Just some interesting discussion inspired by a conversation in my class.
There are two algorithms, one has time complexity log n and another log (n+m).
Am I correct to argue for average cases, log (n+m) one will perform faster while they make no differences in running time when considering it asymptotically? Because taking the limit of both and f1'/f2' will result in a constant, therefore they have the same order of growth.
Thanks!
As I can see from the question, both n and m are independent variables.
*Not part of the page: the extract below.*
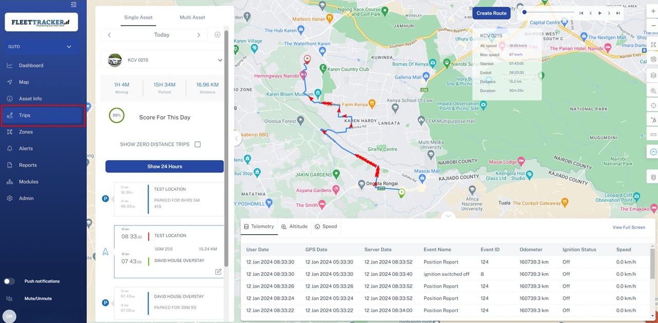 The trip replay page contains all information on the movement of the assets, on this page you can select the group of the desired asset and then the asset itself. After selecting the asset a list of the days trips will load.

So
when stating that
O(m + n) = O(n)
it should hold for any m, which is not: the counter example is
m = exp(n)
O(log(m + n)) = O(log(n + exp(n))) = O(log(exp(n))) = O(n) > O(log(n))
That's why in general case we can only say, that
O(log(m + n)) >= O(log(n))
An interesting problem is when O(m + n) = O(n). If m grows not faster then polynom from n, i.e. O(m) <= O(P(n)):
O(log(m + n)) = O(log(P(n) + n)) = O(log(P(n))) = k * O(log(n)) = O(log(n))
In case of (multi)graphs seldom have we that many edges O(m) > P(n): even complete graph Kn contains only m = n * (n - 1) / 2 = P(n) edges, that's why
O(m + n) = O(n)
holds for ordinary graph (no parallel/multiple edges, no loops)